Data segment:
========================================
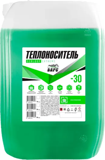 Теплоноситель «БАРС®» ECOLOGY EXTREME -30. Качественный носитель нового поколения предназначен для использования в системах отопления со всеми типами нагревательных котлов, в системах кондиционирования воздуха и вторичных контурах холодильных установок, работающих в интервале температур от -30°С до +108°С. Не образует канцерогенных соединений в процессе эксплуатации. Не агрессивен к пластиковым и каучуковым элементам. Применяется в соответствии с инструкцией производителя оборудования. Состав: пропиленгликоль, дистиллированная вода, импортный комплекс антипенных и антикоррозийных присадок, краситель. Срок хранения - 5 лет в закрытой таре производителя.
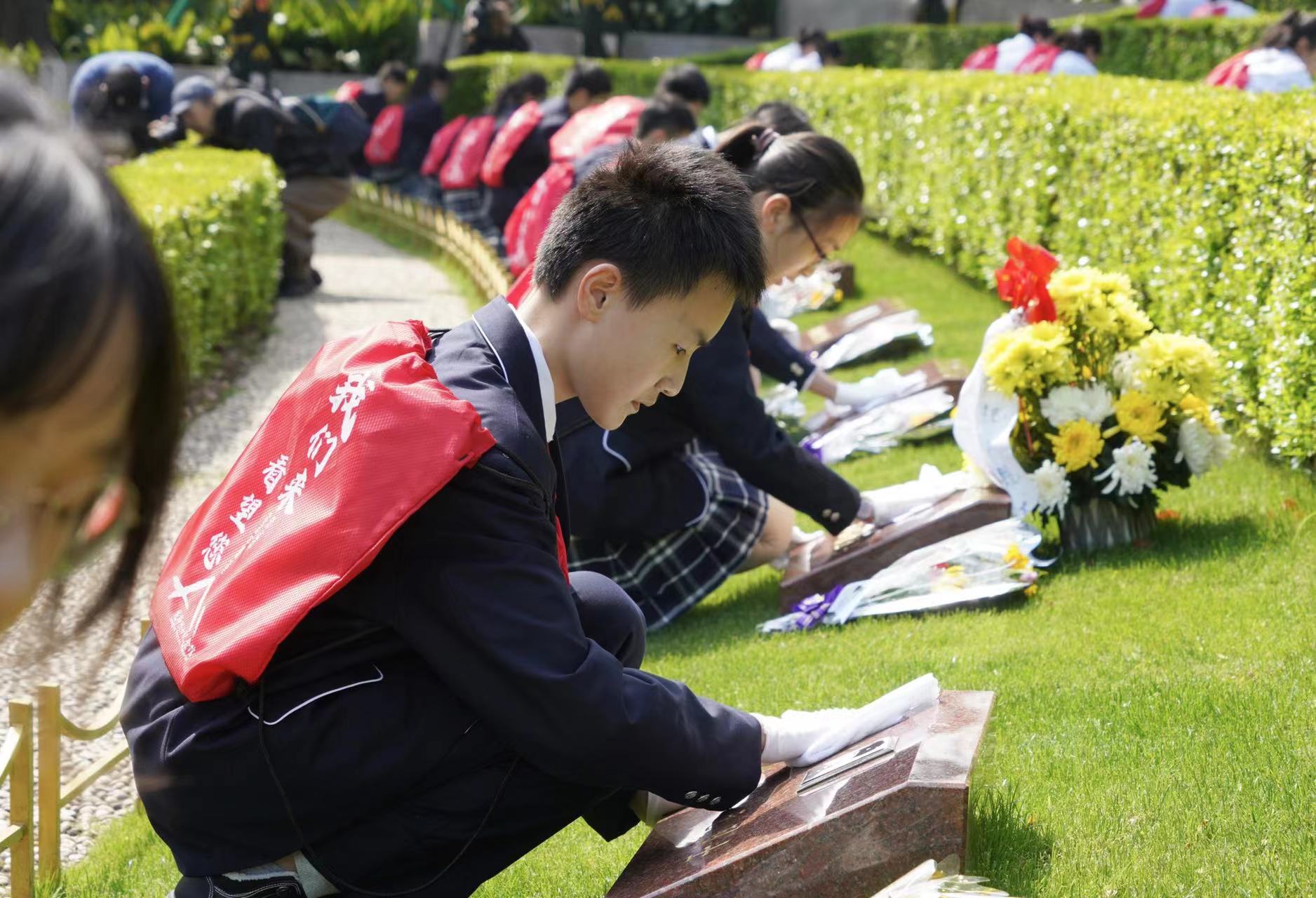 头图为学生代表用白毛巾轻拭墓碑。劳动报记者贡俊祺 摄影
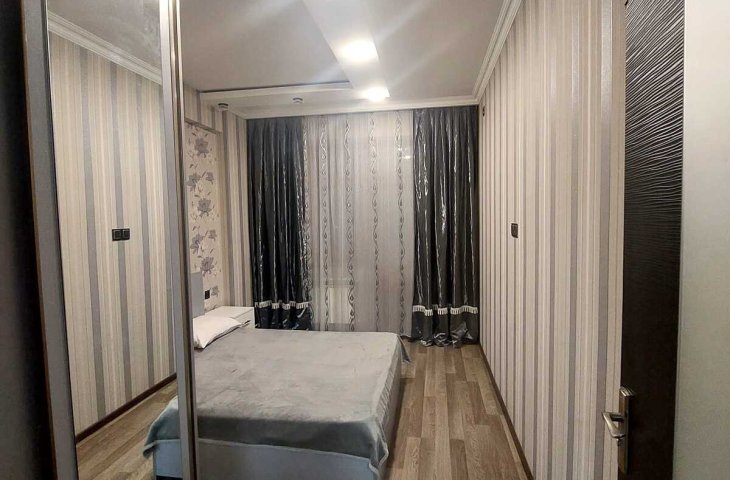 Mənzil H.Aslanov metrosundan 3 dəqiqəlik məsafədə yerləşir. Binada 2 sürətli lift var. Mənzildə daimi su, işıq, qaz, kombi sistemi, kondisioner, televizor, mətbəx mebeli, 2 divan, stol, stullar, yataq otağında taxt, dolab, dəhlizdə dolab, internet, ehtiyyat su çəni var, mənzil ...
========================================
Extract the run of lines from the line holding "头图为学生代表用白毛巾轻拭墓碑。劳动报记者贡俊祺 摄影" through the final line of the material above, exactly and inclusively. Leave the pictures behind.

 头图为学生代表用白毛巾轻拭墓碑。劳动报记者贡俊祺 摄影
 Mənzil H.Aslanov metrosundan 3 dəqiqəlik məsafədə yerləşir. Binada 2 sürətli lift var. Mənzildə daimi su, işıq, qaz, kombi sistemi, kondisioner, televizor, mətbəx mebeli, 2 divan, stol, stullar, yataq otağında taxt, dolab, dəhlizdə dolab, internet, ehtiyyat su çəni var, mənzil ...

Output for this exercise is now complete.